相変わらず人見知りな小島さんは挙動不審も甚だしい。なんで疑問形だ。
まあいい。時間がもったいないから、説明開始。
「でね、小島さん。簡単に概要を説明するけど、このジョーンズさんは俺の義理の叔父で、離婚した元奥さんが小島さんの義兄と不倫したんだよ」
「はい……?」
「どうやらマッチングアプリで知り合ったようなんだけどさ」
「まいっちんぐあぷり……?」
「マチコ先生と知り合うアプリじゃねえよ。マッチングアプリってのは、異性と知り合うためのアプリだ」
小島さんの空耳レベルは間違いなくマックスなんだろう。
はい続き。
「小島さんと俺が形だけでも付き合ってた時、小島さんの義兄も誰か違う人とつきあってた時期があったって以前言ってたでしょ?」
「うん……」
「おそらく時期的にその時だと思うんだよなあ、マッチングアプリで小島さんの義兄さんとジョーンズさんの元嫁が知り合って不倫してたの」
「ああ。雄太の言ってた時期と、あずさが不審な行動をしてた時期は重なるな。あ、あずさというのはワイの元嫁だ」
「は、はあ……」
理解できてるかな。まあ唐突な話でもあるから仕方ないにせよ。
「ほんでね、小島さんの義兄は、その元嫁を妊娠させておいて、責任も取らずに逃げたんだよ」
「……」
「というわけで、それが発覚してジョーンズさんは離婚することになったから、損害賠償請求をするつもりなんだけど」
そこでようやく小島さんが理解したようだ。顔が青ざめたのも一瞬のことで。
「……つまり、竜一義兄さんが不倫して、ミスタージョーンズの奥さんを妊娠させたから、それで……?」
「そゆこと」
「……ほんと、しょーもない人……」
どちらかというと軽蔑っぽい感じで吐き捨てる小島さんの心中やいかに。
ま、しょーもない人が誰か、なんて野暮なツッコミはしない。
そこでジョーンズさんが、珍しく真剣な態度で小島さんに問いかける。
「というわけだ。ひょっとすると、損害賠償請求をすることで、ミス・コジマの家族に激震が走ることは間違いない。そうなると家庭崩壊の危機も一緒にやってくるかもしれないのだが、かまわないかね?」
そう訊かれた小島さんはジョーンズさんに目も合わせず、ただただ下を向いてしばらく黙っていたが。

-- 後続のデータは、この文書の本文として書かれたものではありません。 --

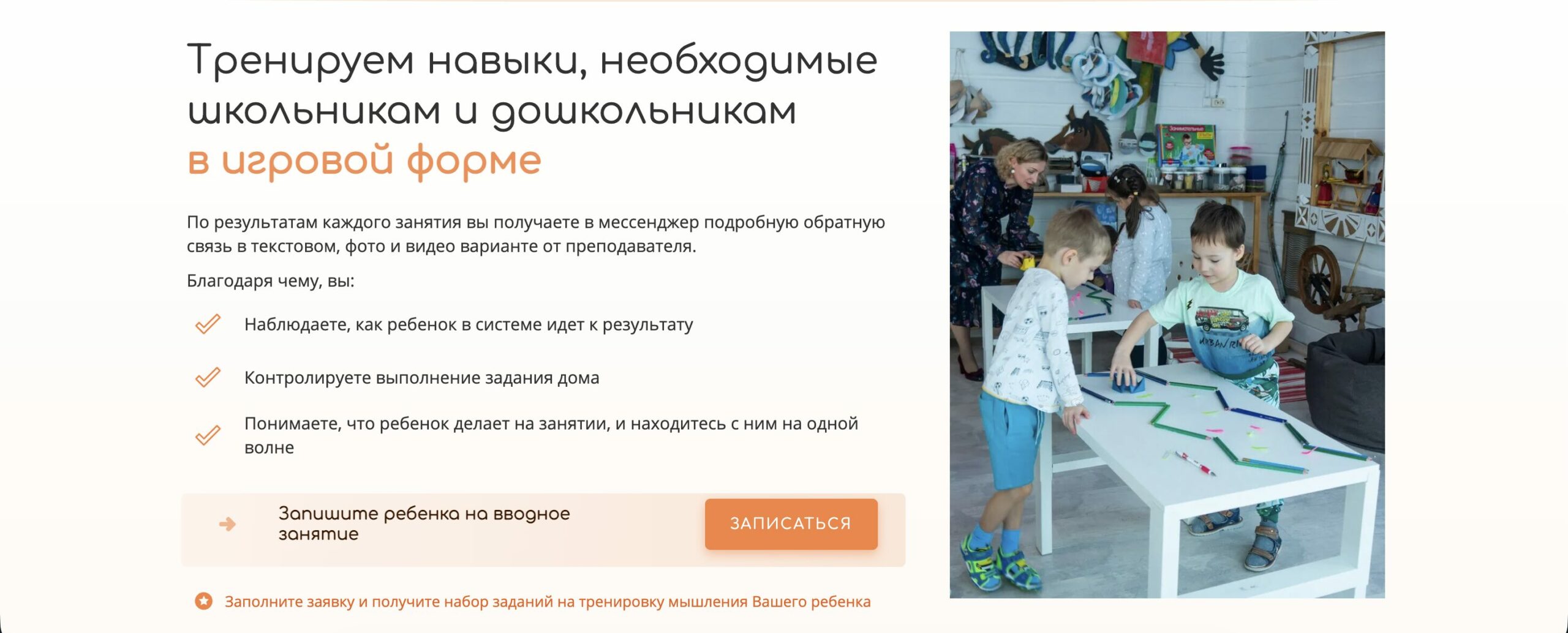 Для малышей и дошкольников разработаны программы по развитию речи, математике, английскому языку и подготовке к школе. Дети учатся правильно держать ручку, тренируют внимание и память, расширяют словарный запас и осваивают счет. Такой старт снижает стресс перед первым классом и формирует прочную базу знаний.
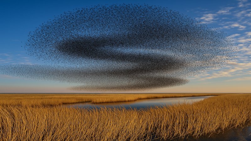 Oplev naturfænomenet Sort Sol, når stære på træk samles i store flokke i Tøndermarsken ved Vesterhavet.
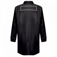 Las batas de trabajo Minsk ofrecen dos áreas estratégicas de marcaje: el pecho con un área máxima de 100x100mm, ideal para logos corporativos discretos, y la espalda con 280x70mm, perfecta para nombres de empresa o mensajes más extensos.
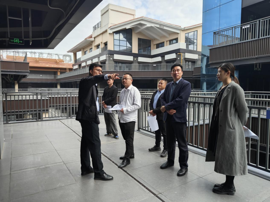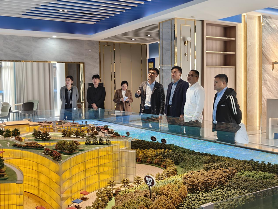 考察期间,在广西旅发沿海投资有限公司党委委员、副总经理宣首的陪同与讲解下,代表团通过项目沙盘全面了解广旅奥特莱斯小镇的地理区位优势与整体商业规划。据介绍,该小镇地处区域核心交通枢纽,依托周边丰富的文旅资源与高密度消费人群,定位为集购物消费、艺术展示、旅游体验于一体的复合型商业综合体,具备开展校企合作的良好基础。
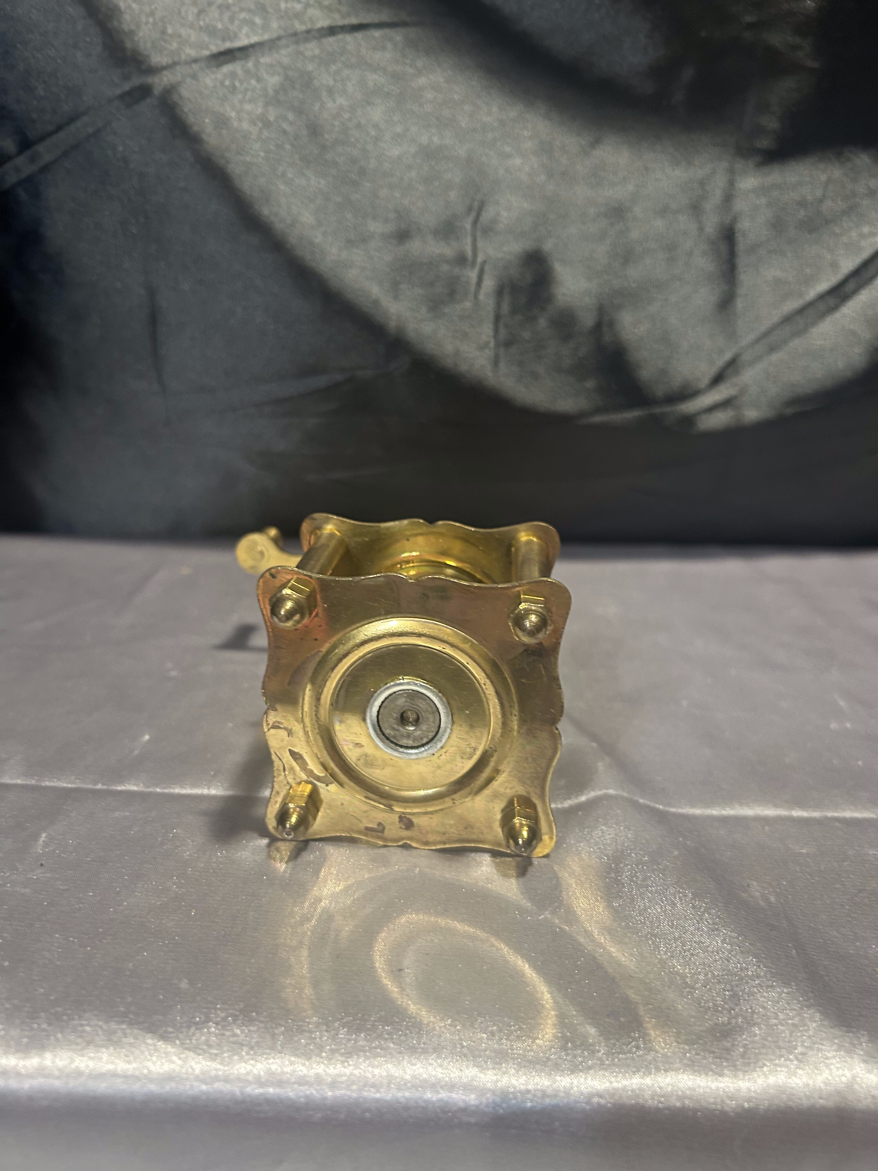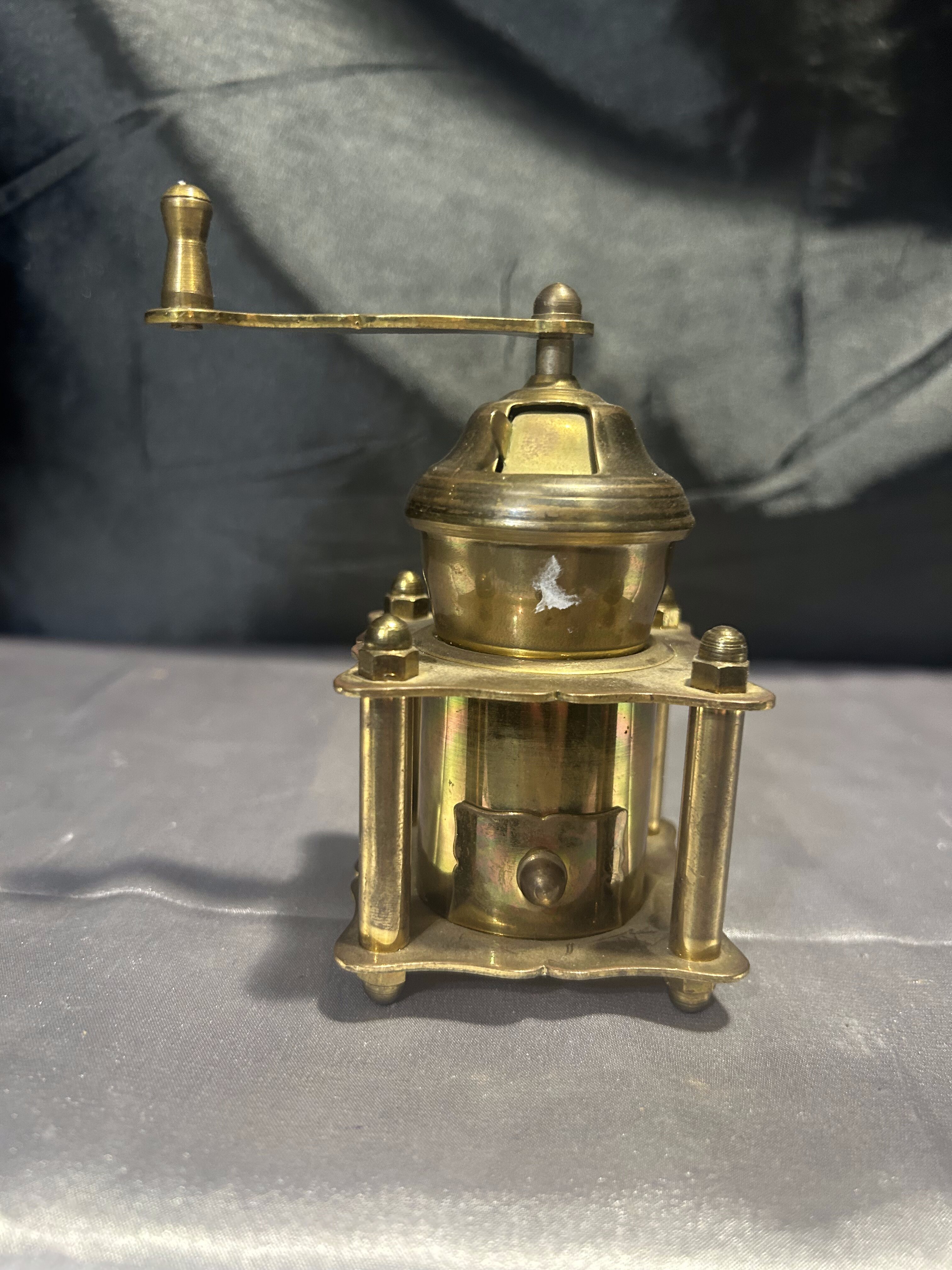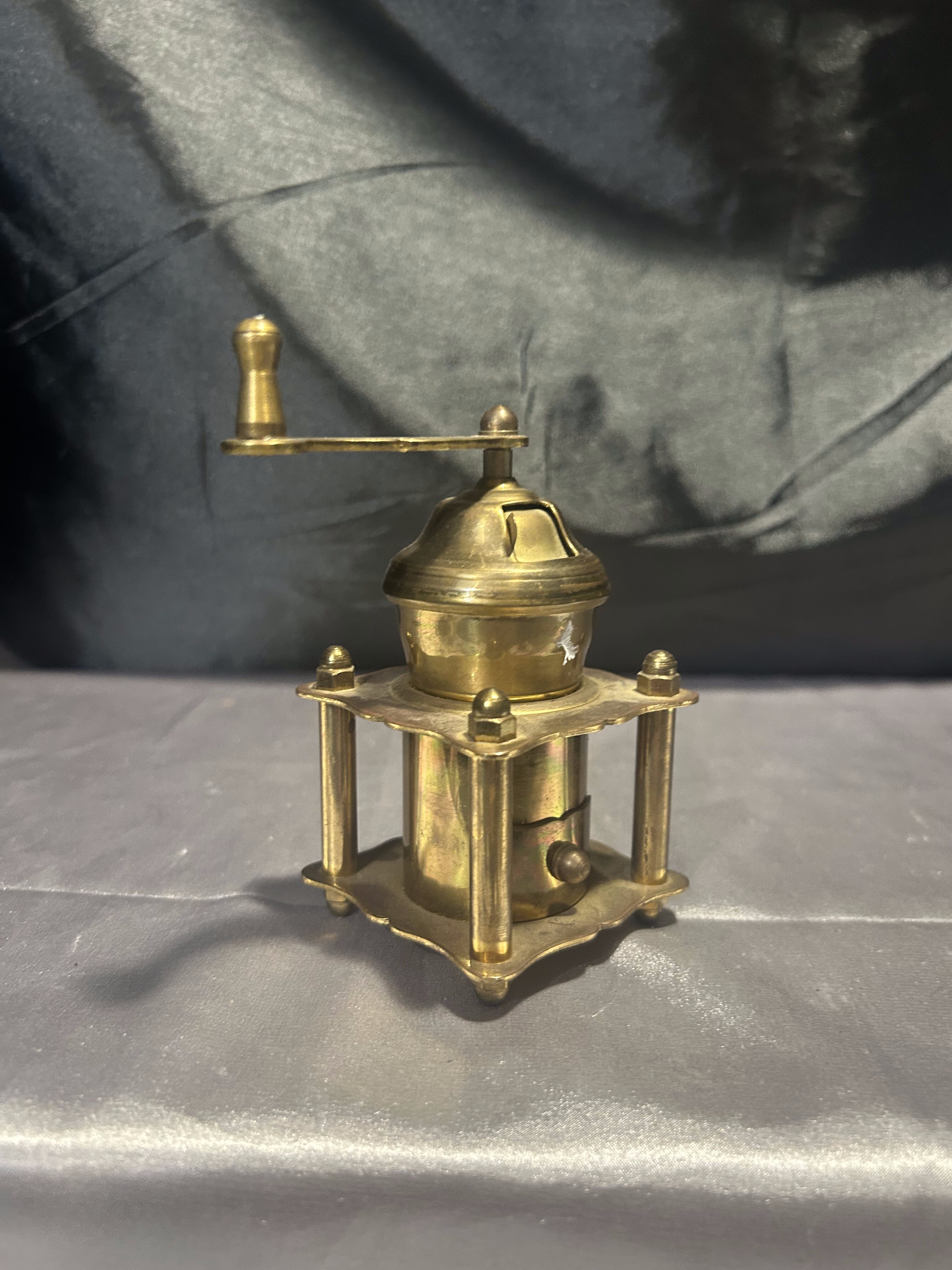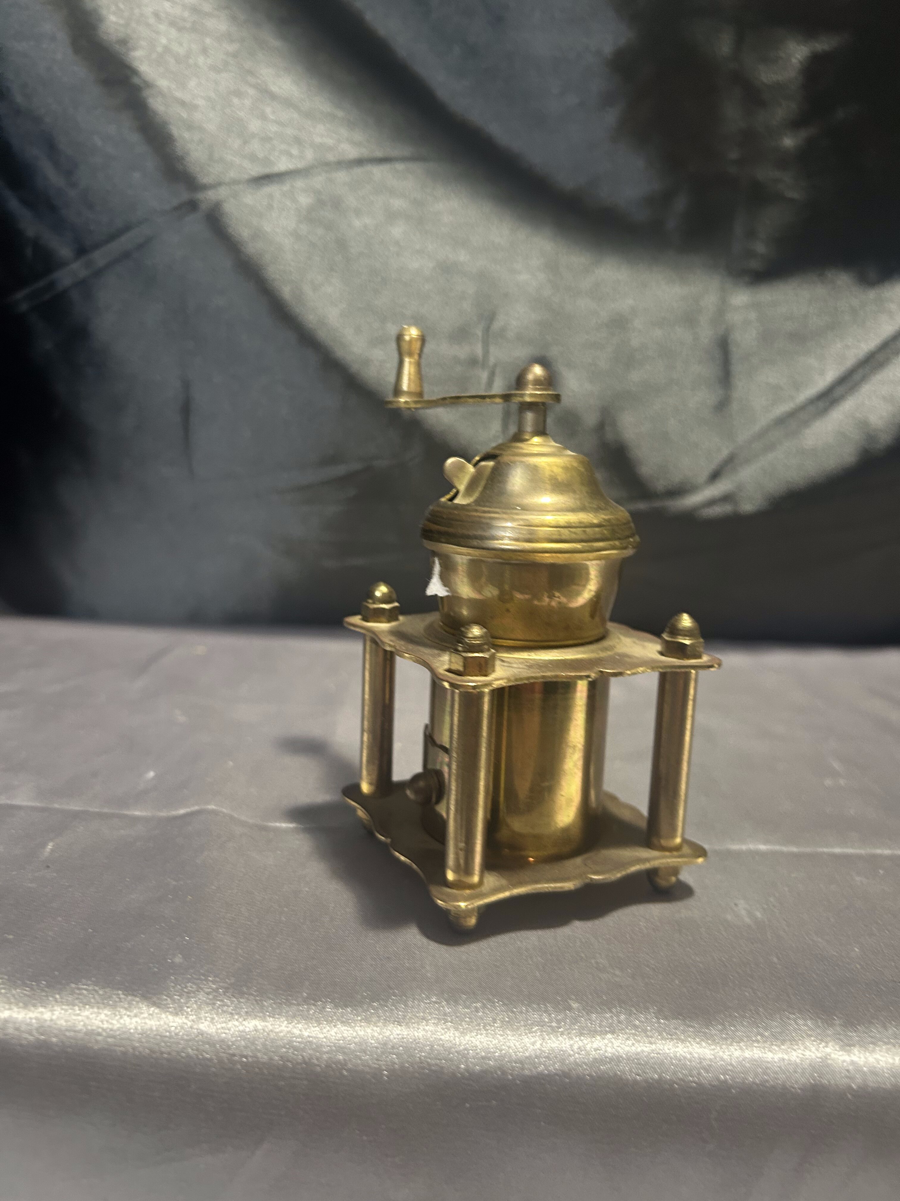 Na sprzedaż elegancki młynek do pieprzu wykonany z mosiądzu, ozdobiony dekoracyjnymi tłoczeniami. Solidna, kwadratowa podstawa i klasyczna konstrukcja nadają mu wyjątkowego charakteru. Idealny do codziennego użytku lub jako stylowy element kuchennej kolekcji w stylu vintage.

「……もう、壊れてるし。どうせならとことんまで壊れてほしいし。あたしは別に、どうなろうがかまわない」
少しばかりヤケクソ気味に、そう吐き捨てた。
「ふむ……ミス・コジマ。できれば、キミには協力してほしい。キミの協力があれば、いろいろとスムースに物事が進められるからな。もちろんお礼はする」
「……」
「だが、キミは、自分から進んで家庭を壊すことに、抵抗はあるだろう?」
「……そんなの、ないよ」
ここでもヤケクソ気味な態度が気になる。
今後の生活どーすんだ、と思った俺は、思わずそこで割って入った。
「小島さん。自暴自棄は良くないぞ」
協力してほしいので、少し下手に出てみる。
が、小島さんは相変わらず厭世的な態度を崩さない。
「だって、もう何も守るものなんて、守りたいものなんて、ないもの……」
「……」
「ないもの!!」
その自暴自棄の果てに、俺を裏切り傷つけたってことを失念してんのかこの女は。
結果泡堕ちとか自死とか選ばれたら、俺だって寝覚めよくねえぞ。
ああもういらだった。
下手に出るのやーめたっと。
「ふざけんなよ!!」
「ひっ」
俺にちょっと強く言われただけでひるむくらいなら最初から
そうは思ったが俺は止まらん、止められん。
「小島さんがそういう態度で
「そ、そんな人、いな……」
「いるだろうが目の前によここによ!! 自分を大切にしなかった結果、脅しにも似た義兄の言いなりになって俺に消えない傷をつけたやつはどこの誰だ、ああん? 小島さんが自分を大切にしてたら、俺は傷つかなかったし小島さんも不感症になってなんかいなかっただろうがよ!!」
「……」
「人間ってのはなあ、不幸な中でもなんとかして幸せをつかもうとしてあがいて生きていくもんなんだよ! 他人が気遣ってくれないならば、自分自身だけでも幸せになるために、やけくそになる前にやることはいっぱいあるだろうが!! せめて自分を大事に、大切に扱いやがれこんちくしょう!!」
息切れした。
なんか魂の叫びみたいになっちゃったがまあ気にしない。ジョーンズさんは「おー!」というような表情で手拍子しそうな感じだしな。さすがサレ男仲間。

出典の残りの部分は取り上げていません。